(Your goal): The answer must give back every line of the data exactly, with no pictures.

(Data excerpt):

__________________________________________________

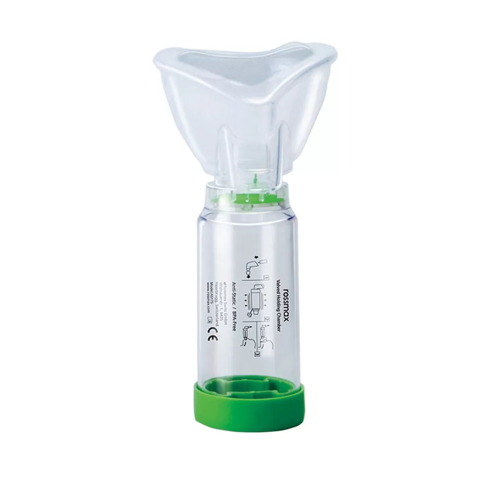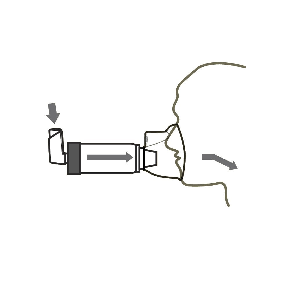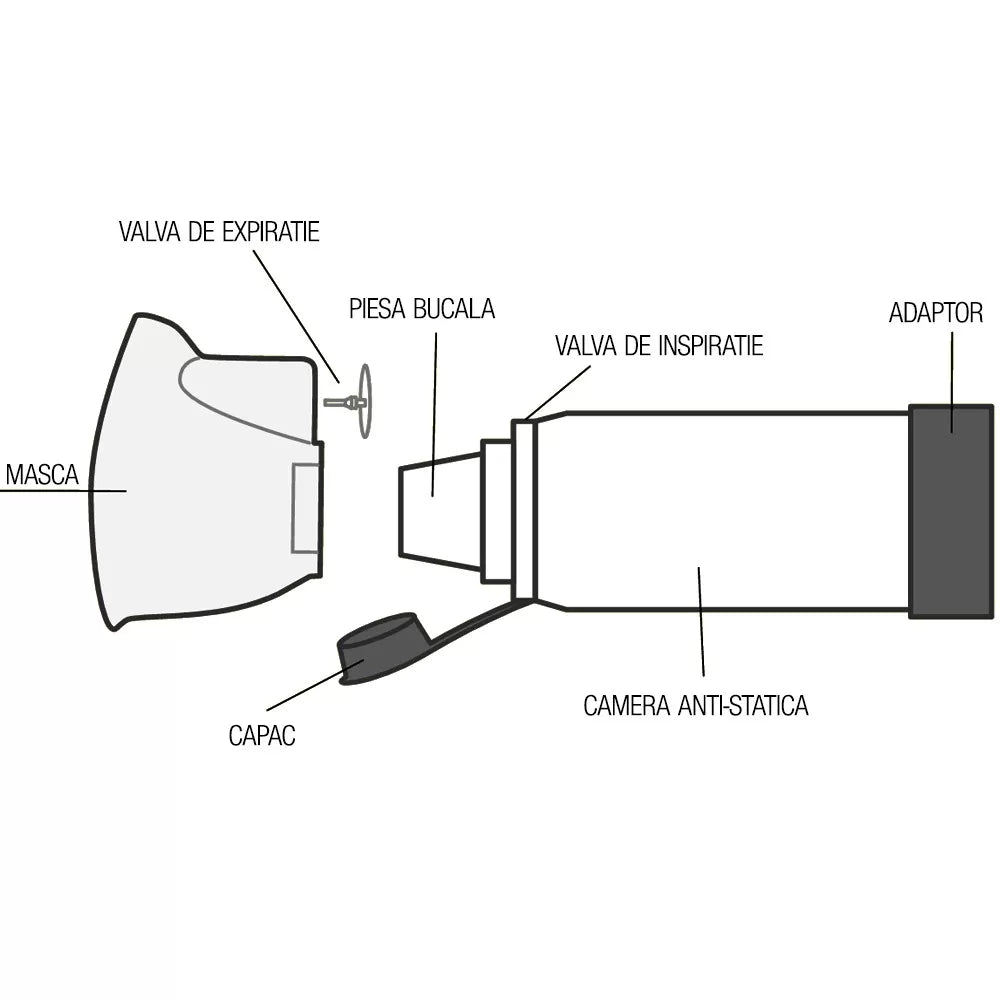 Camera de inhalare antistatica (175 ml) ce imbunatateste livrarea medicatiei si reduce pierderile prin reducerea depunerilor de medicament pe peretii camerei;
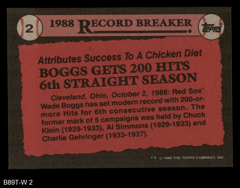 1989 Topps #2 - Wade Boggs Record Breaker 8 - NM/MT
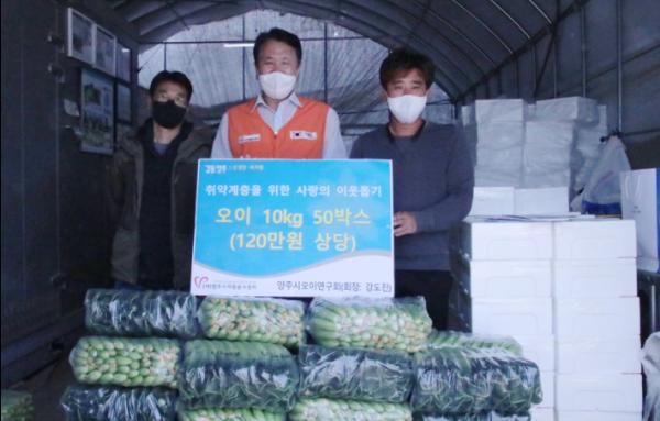 (사)양주시자원봉사센터(센터장 김용훈)는 지난 2일 양주시오이연구회(회장 강도진)에서 ‘오이데이’를 맞아 관내 어려운 이웃을 위해 오이(10kg) 50박스를 전달했다고 밝혔다.
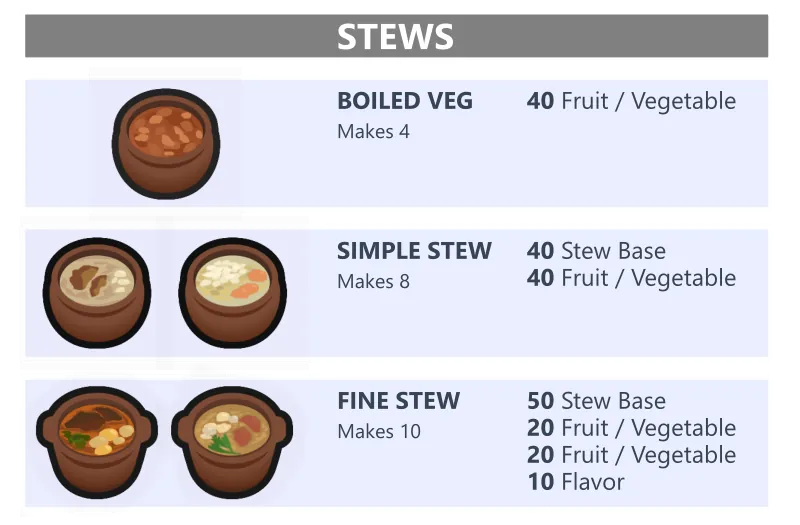 There are 3 types of stew varying in complexity as well as output. More advanced stews are more desirable as long as you have access to enough variety of ingredients to make them.

__________________________________________________

(Solution for this exercise):
 Camera de inhalare antistatica (175 ml) ce imbunatateste livrarea medicatiei si reduce pierderile prin reducerea depunerilor de medicament pe peretii camerei;
 1989 Topps #2 - Wade Boggs Record Breaker 8 - NM/MT
 (사)양주시자원봉사센터(센터장 김용훈)는 지난 2일 양주시오이연구회(회장 강도진)에서 ‘오이데이’를 맞아 관내 어려운 이웃을 위해 오이(10kg) 50박스를 전달했다고 밝혔다.
 There are 3 types of stew varying in complexity as well as output. More advanced stews are more desirable as long as you have access to enough variety of ingredients to make them.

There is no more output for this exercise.